U.S. accuses Chinese citizens of hacking law firms, insider trading

Discussion in 'Wall St. News' started by dealmaker, Dec 27, 2016.

  1. Sig

    Sig

    With the amount of money involved why even bother doing something illegal like that. Simply hire someone to follow the guy and report back, perfectly legal and even legal to trade off it.
     
    #11     Dec 28, 2016
    vanzandt likes this.
  2. vanzandt

    vanzandt

    Of course this post just made the brother- in- laws of every NSA employee rich. Oh well.
     
    #12     Dec 28, 2016
  3. dealmaker

    dealmaker

    #13     Dec 28, 2016
  4. may appear gibberish when you don't understand. You shouldn't talk about topics without some basic knowledge, here ya go jr
    http://security.stackexchange.com/q...g-out-firewall-is-this-automated-scans-or-are
    http://subnettingpractice.com/ip_allocation.html
     
    #14     Dec 29, 2016
  5. Sig

    Sig

    I run a company with a significant cloud software component so I kind of do have some basic knowledge in this area, while you stated that you do not. In the interest of educating rather then flaming, however, I'll explain a little. If a regular user from China hits your server you will indeed see their IP address in your server logs.

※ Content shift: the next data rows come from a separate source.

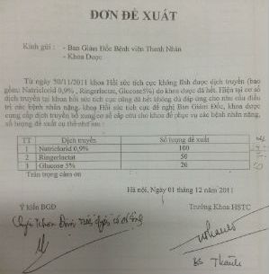 Phản ảnh với phóng viên, một số cán bộ, nhân viên khoa dược, BV Thanh Nhàn cho hay tình trạng “thuốc thiếu, thuốc thừa” diễn ra từ cuối năm 2011 và thể hiện rõ nhất vào cuối năm 2012 vừa qua. Hồ sơ, tài liệu mà các cán bộ, nhân viên này cung cấp cho nhóm phóng viên cho thấy do BV dự trù mua thuốc không sát với thực tế nên đã dẫn đến tình trạng có loại thuốc không đủ để dùng, có loại thuốc lại thừa, phải dùng quá nhiều dẫn đến việc kê đơn thuốc không an toàn.
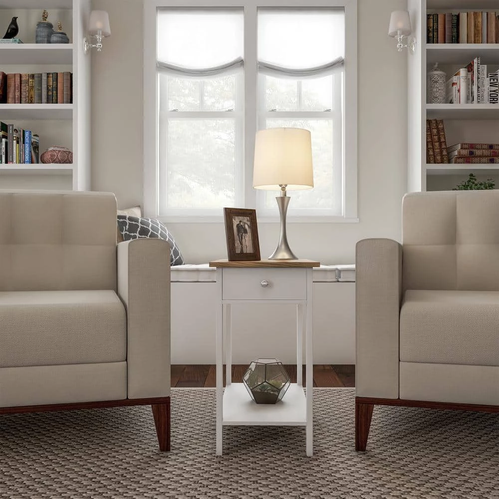This narrow Side Table with Drawer by is a beautiful and practical addition to your home decor. Blending traditional style and functionality, this rectangular side table features a slim profile that is ideal for small spaces like hallways, foyers and entryways, or beside your favorite chair. This two-toned end table has a sturdy manufactured wood base with a lower storage shelf and a pull-out drawer painted in a classic white. The top of this accent table has a honey oak veneer for a modern farmhouse appeal. This versatile side table is great for displaying a pretty plant or picture frame in the living room, as a spot to set a snack plate and a coffee cup, or as a nightstand in your bedroom.
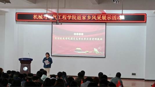 新时代的青年学子利用暑假力所能及参与基层治理日常活动,充分感受家乡的变化,将理论付诸于实践,为家乡建设作贡献,为群众做好事、办实事、解难事,让青春灿若夏花,让梦想生根发芽。机电学院2023年寒假“返家乡”社会实践活动顺利进行,我院青年学子积极响应新时代号召,在服务家乡、服务人民的过程中学思践悟,并于2024年3月13日下午在综二105开展了“返家乡社会实践风采展示”。参加此次活动的老师有机电学院党总支书记张丽芳,团总支书记李兰芳,辅导员谌文韬、汪盼、申卓、周培荣、张爽子、刘洋马昊等老师。本次活动的主持人为张旭。
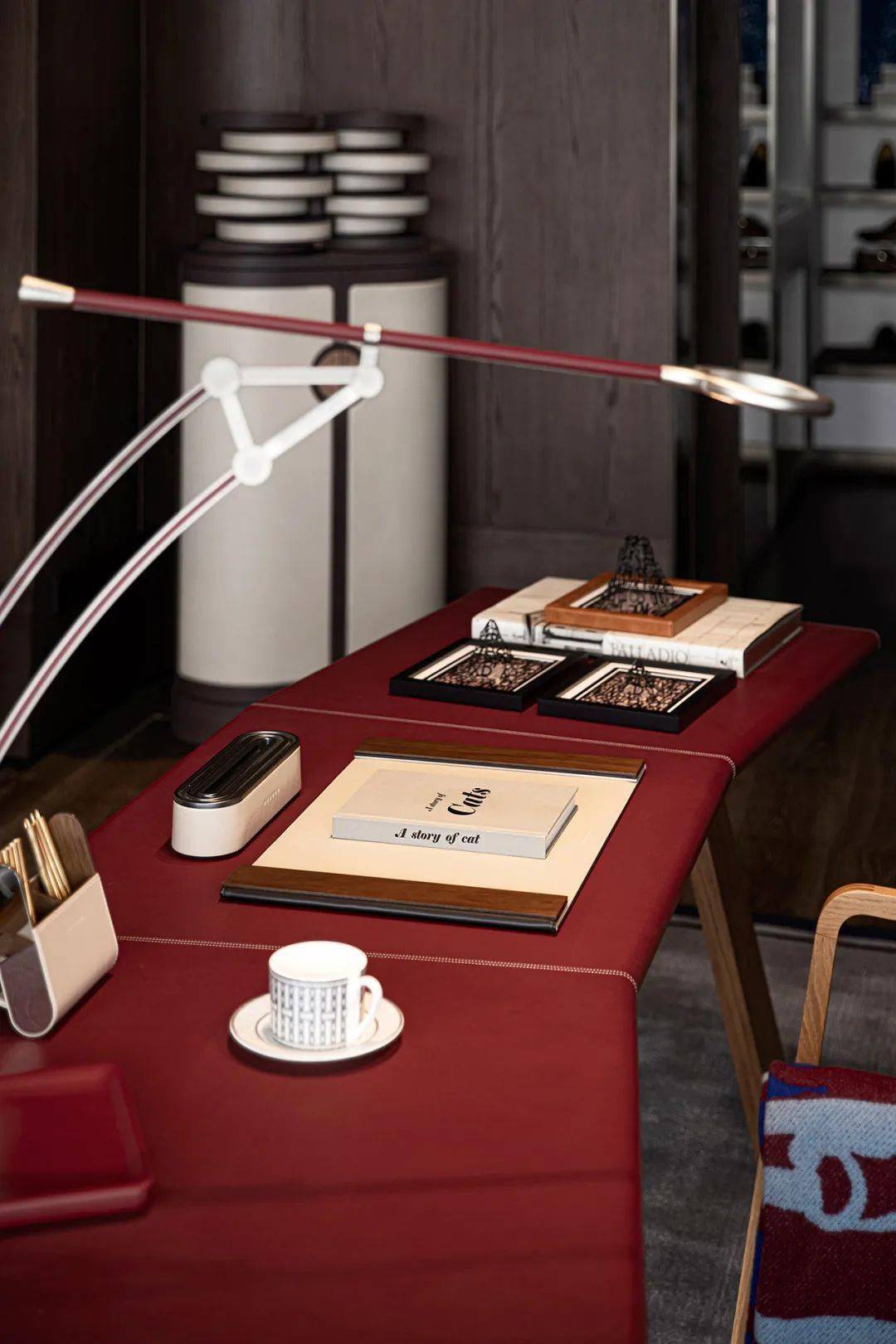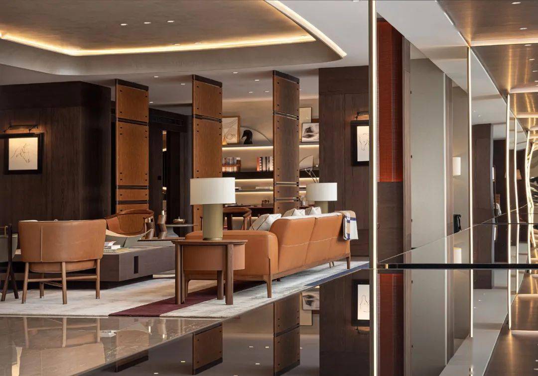 环顾一侧,长达九米的艺术展示柜令人惊叹,致敬著名建筑师阪茂为 Hermès 的创作。皮革、木材与古铜创意重组,无尽优雅与艺术体验尽收眼底,展柜融入丝带与马鞍元素,每层体现菁英生活方式不同面,将奢级优雅,与国际时尚的大气,镌刻于一室之内。

A firewall is simply a construct set up to screen packets before they get to your server, and you would see those IP addresses there as well and could also instruct your firewall to block any range of IP addresses.
    However, it is trivial to use a VPN or proxy in the U.S. This is a computer that takes in a packet from anywhere in the world, then resends it to its destination. When it is resent, the packet has the VPN or proxy's IP address. If that VPN or proxy is in the U.S. It will have a U.S. IP address and there will be no way for the server's administrator or the firewall to know where it originated short of getting a warrant to search the proxy computer. Networks like Tor take this to another level with a network of thousands of computers around the world set up as proxy's, most private computers, with each packet randomly bouncing between several computers in a number of jurisdictions with no records maintained and again easy to ensure a U.S. or European last hop to get their IP address. Anonymizing systems like this make it almost impossible to track down the origin of any hacker who has very basic level know-how. Go ahead, install Tor on your computer, hit your server, look at your server logs, and tell me what IP address you see?
    Suffice it to say it wouldn't be at all surprising if there was a person much like lylec305 in mgt at the law firm who was sure they were fine because they'd blocked overseas IP addresses at the firewall without having a real understanding of what that meant.
     
    #15     Dec 29, 2016
  6. That's a long winded explaining on the blog. I have network and security personnel on my team. Check the links i provided. Gov agencies are a lot more complex than cloud, a new buz word for something we did long ago. Cloud is a security risk, will dissipate just like corba.
    Anyhow, what i was attempting to say in as few words possible. All hackers start with something. They just don't pull from thin air.
     
    Last edited: Dec 29, 2016
    #16     Dec 29, 2016
  7. Sig

    Sig

    Do you disagree with anything I posted or just can't be bothered to put a couple minutes in to understand a complex topic, so you criticize it on length alone? Have you installed Tor and checked your server logs? Oh, you don't have a server nor would you know how to check the logs if you did and it's just too much to install an app, so you'll just criticize the concept of cloud computing, something else you clearly don't even have a rudimentary understanding of.
    Unbelievable! As I said it's people like you that allow these types of breaches to occur because you make decisions based on a dangerous misconceptions and apparently have not only stopped learning, but refuse to.
     
    #17     Dec 29, 2016
  8. You're to long winded. I have personnel to take care of a box called security on the architecture diagram. Check the link i sent you.
    Interested to see a firewall breach pull something of significance without any inside info. Could be more forensic audit to come to understand the whole picture.
    You criticized me and now you say i criticized you first hahaha. Typical know it all...
     
    Last edited: Dec 29, 2016
    #18     Dec 29, 2016
  9. Sig

    Sig

    You gotta love willful ignorance!
     
    #19     Dec 29, 2016
  10. You cannot bait me into a BS discussion on a blog. You didn't comment correctly from the beginning. Think subnet mask inside LAN and a breach thru the firewall. That'll be picked off immediately. Unless they have side info. Plus developing large scale systems, security is merely a utility.